PASC (postacute sequelae of COVID-19) was found to persist for at least 6 months in more than half of those contracting the infection.
"Long COVID" persisted for at least 6 months after recovery in more than half of over 250,000 survivors assessed in a systematic review of short-term and long-term postacute sequelae of COVID-19 (PASC).
Paddy Ssentongo, MD, PhD, MPH, Center for Neural Engineering, Department of Engineering, Science and Mechanics, The Pennsylvania State University, State College, PA, and colleagues conducted the review to estimate the overall and organ system-specific frequency of PASC.
"As we better understand the disease burden of PASC in COVID-19 survivors, we can develop precise treatment plans to improve clinical care in patients with COVID-19 who are at greatest risk of PASC and establish integrated, evidence-based clinical management for those affected," Ssentongo and colleagues opined.
In discussing the findings with Contagion, Ssentongo elaborated on their hope for improved approaches to PASC,"Machine learning models that use genomic, clinical, and socio-demographic information to predict patients with PASC will prove to be useful in guiding precision medicine," he said.

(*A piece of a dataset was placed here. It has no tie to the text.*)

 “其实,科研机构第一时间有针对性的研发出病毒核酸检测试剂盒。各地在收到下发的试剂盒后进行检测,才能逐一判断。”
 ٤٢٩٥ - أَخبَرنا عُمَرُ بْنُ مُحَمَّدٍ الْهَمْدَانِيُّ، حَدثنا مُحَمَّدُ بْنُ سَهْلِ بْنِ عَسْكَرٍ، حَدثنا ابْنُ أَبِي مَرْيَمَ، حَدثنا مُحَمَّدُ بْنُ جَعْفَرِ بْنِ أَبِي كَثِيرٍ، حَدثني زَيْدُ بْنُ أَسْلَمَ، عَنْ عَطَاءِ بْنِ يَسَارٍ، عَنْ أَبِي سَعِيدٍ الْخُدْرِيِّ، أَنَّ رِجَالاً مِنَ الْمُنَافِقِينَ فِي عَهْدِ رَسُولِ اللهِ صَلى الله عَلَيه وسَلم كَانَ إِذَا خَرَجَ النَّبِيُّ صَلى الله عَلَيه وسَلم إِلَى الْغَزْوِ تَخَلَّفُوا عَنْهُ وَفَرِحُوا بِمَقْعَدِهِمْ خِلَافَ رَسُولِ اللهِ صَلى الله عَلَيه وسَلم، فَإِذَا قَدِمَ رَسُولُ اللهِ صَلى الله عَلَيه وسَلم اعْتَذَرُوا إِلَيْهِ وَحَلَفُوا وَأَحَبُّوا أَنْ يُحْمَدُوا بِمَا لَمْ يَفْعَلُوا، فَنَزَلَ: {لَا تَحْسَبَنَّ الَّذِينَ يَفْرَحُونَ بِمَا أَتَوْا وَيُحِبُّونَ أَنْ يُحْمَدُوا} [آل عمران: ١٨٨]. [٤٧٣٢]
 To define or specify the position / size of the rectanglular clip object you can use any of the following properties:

The investigators screened a total of 2,100 studies, with 57 meeting inclusion criteria containing 250,351 survivors of COVID-19, of whom 79% (197,777) had been hospitalized for the acute infection. The studies included randomized clinical trials, prospective and retrospective cohort studies, case series with at least 10 patients and case-control studies with reported PASC frequencies.

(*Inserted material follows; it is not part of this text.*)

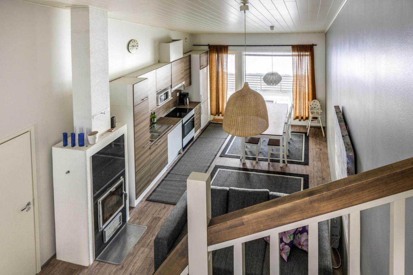 Three-Bedroom Apartment. This apartment features a sauna. Boasting a private entrance, this spacious apartment also features 3 separate bedrooms, 1 bathroom with a shower, a kitchenette and a dining area. Guests can make meals in the kitchenette that has a stovetop, a refrigerator, a dishwasher and kitchenware. Featuring a balcony with lake views, this apartment also features a washing machine and a flat-screen TV. The unit has 6 beds.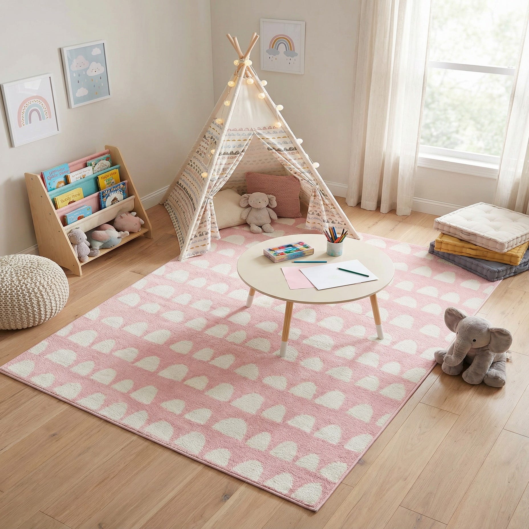 Primary color is Pink. Colors in this rug include: Pink, Ivory.

The median (interquartile range, IQR) of COVID-19 survivors experiencing at least 1 PASC was 54.0% (45.0-69.0%; 13 studies) at 1 month; 55% (34.8-65.5%; 38 studies) at 2 to 5 months; and 54% (31.0-67.0%; 9 studies at 6 or more months.The most common sequelae were pulmonary abnormalities, impaired mobility, neurologic and mental health disorders.
Persistent dyspnea was found in 29.7% (14.2-37.0%; 38 studies) and cough in 13.1% (5.3-22.6%; 26 studies).Increased oxygen requirement was reported in nearly two-thirds of survivors (65.0% (39.3-76.1%; 3 studies). Functional mobility declined in 20.2% (14.9-30.6; 6 studies) and exercise tolerance was reduced in 14.7% (10.6-18.%; 2 studies).
Neurological symptoms included difficulty concentrating in 23.8% (20.4-25.9%;4 studies), with other common symptoms including headaches, memory deficits, and cognitive impairment.Mental health disorders diagnosed after acute infection included anxiety in 29.6% (14.0-44.0%; 7 studies); sleep disorders in 27% (19.2-30.3%; 10 studies); depression in 20.4% (19.2-21.5%; 2 studies); and post-traumatic stress disorder in 13.3% (7.3-25.1%; 9 studies).
Ssentongo considered the question of whether neurologic disorders, as a possible direct effect of SARS-CoV-2, should be distinguished as a component of PASC from mental health disorders which can follow other serious illnesses, particularly in the context of a pandemic.
"It is plausible that the effects of the SARS-CoV-2 virus on the brain—either direct cytolytic effect or neuronal damage through indirect systemic effects such as secondary inflammatory response—can induce the reported mental health disorders," he indicated."Of course, future studies are necessary to delineate the psychological effect of the pandemic and the direct effect of the virus."
The investigators emphasize the importance of recognizing, not just the life lost from acute COVID-19 illness, but the disease burden experienced by so many due to PASC.They suggest that clinical management of PASC will require "a whole-patient perspective", with management tools like virtual rehabilitation platforms.They also recommend increasing the availability of "one-stop multidisciplinary clinics" to address the complex clinical presentations and avoid sending these patients on multiple referrals.
Ssentongo acknowledged, however, that such comprehensive approach to PASC is difficult within health care systems that have been exposed in the COVID-19 pandemic as often disjointed and inequitable.
"Similar to the barriers that exist in traditional physical medicine, PASC treatment centers and clinics may be concentrated in urban areas," he observed."Therefore, traditional health care disparities may perpetuate in PASC treatment. Nevertheless, establishing these clinics will steer us in the right direction in treating PASC."